Le 03/08/2010 15:35, Wolfram Brenig a écrit :
Hi,
as a casual/newbie boost-user I'm trying to come to grips with why/when nested functional composition with boost::bind might be of help - following Karlsson's book, in its fifth printing.
---------------------- 1) It seems that he suggests, that if one is into doing something like
T faa(int); T foo(const& T);
int i; vector<T> v(10); // container for(i=0; i<10; i++) { v[i] = faa(i); // set it v[i] = foo(v[i]); // operate on it }
then instead of the 'old style' for-loops it would be more desirable to use 'STL style' algorithms with the functors created from boost::bind, say like
transform(v.begin(),v.end(),boost::bind(&foo,_1));
You might as well write boost::transform(v, foo); But, personally, since that's a fairly trivial algorithm, I don't find that much more interesting than foreach(int& i, v) i = foo(i); There are other situations, though, where using higher-order programming really shines.

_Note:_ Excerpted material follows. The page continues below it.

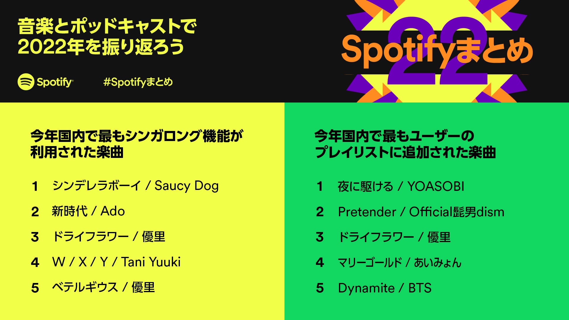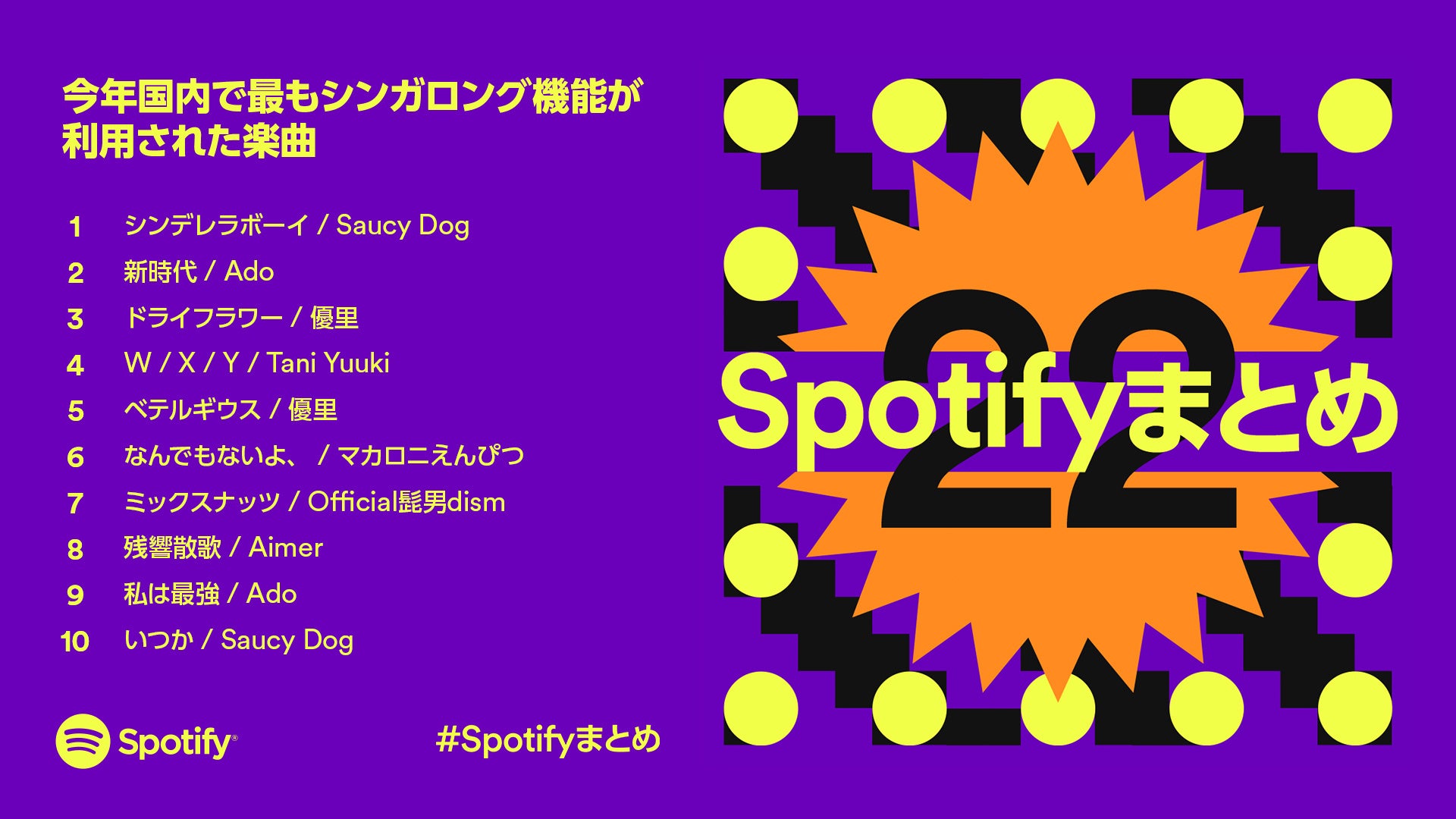 世界で4億5,600万人以上のユーザーが利用するオーディオストリーミングサービスSpotify(会社名 Spotify A B / 本社 Stockholm, Sweden)は、この度、Spotify上でのリスニングデータを元に、ボーカル音量を調整してアーティストと一緒に歌って楽しめる「シンガロング」機能を利用して今年国内で最もアーティストと一緒に歌われた曲を発表いたしました。また、世界と国内のユーザーが自身で作成したプレイリストに今年最も追加した曲のランキングもあわせて発表いたしました。

2) Then, it is suggested furthermore that if foo() is a (simple?) nested function, say T=double and,
double foo(double x) { return 2*x; }
then one should do 'functional composition', i.e. create the functor for the previous point 1) by
boost::bind(std::multiplies<double>(),2,_1)
Replace all that by just 2*_1
Now, my question is, if such nested construction of functors at the call site, which is suggested also in the 'Bind Summary' in Karlsson's book, will actually lead to code which has no relevant performance loss as compared to 'old-style' for-loops?
Chances are it will be *more* efficient, actually. Algorithms typically do their task the best and fastest way (e.g. the way you did it your iteration in your original post isn't really the best way to iterate, albeit most compilers will optimize that), and for simple algorithms they will be fully inlined. With some compilers, function objects actually get inlined better than function pointers. One other advantage is that algorithms are generic, idiomatic, more high-level and thus better reflect what the code does and reduces potential bugs.
To check this, I do something rather simple (simplistic?). Namely, I take a vector of some size, then I fill it with random doubles between 0 and M_PI, then (stupid me) I test if sin(v[i])^2 + cos([i])^2 = 1 for each element of the vector. The code is attached.
I do this many many times and measure the runtime.
I do this for two cases:
case 1: with old-style for loops case 3: with STL algorithms and boost::bind
At least for this little program, the old-style code is faster by roughly a factor of 2 as compared to the boost::bind approach. (compiled with gcc version 4.3.2 and optimized)
I ran your test. Case 3 runs in 0.65s, case 1 and 2 in 0.82s. That's with GCC 4.4.3. Comparing 3 and 1 is not even fair, since 3 does the unnecessary sin and cos calculations like 2, but the compiler seems to optimize these. Your code, however, is needlessy complicated (std::multiplies etc.). By making it use boost.lambda, however, it goes up to 0.78s. I suppose it would fare better with Phoenix. I admit I have no idea whatsoever why all these cases don't perform the same. Still, none of these is as optimized as it could be.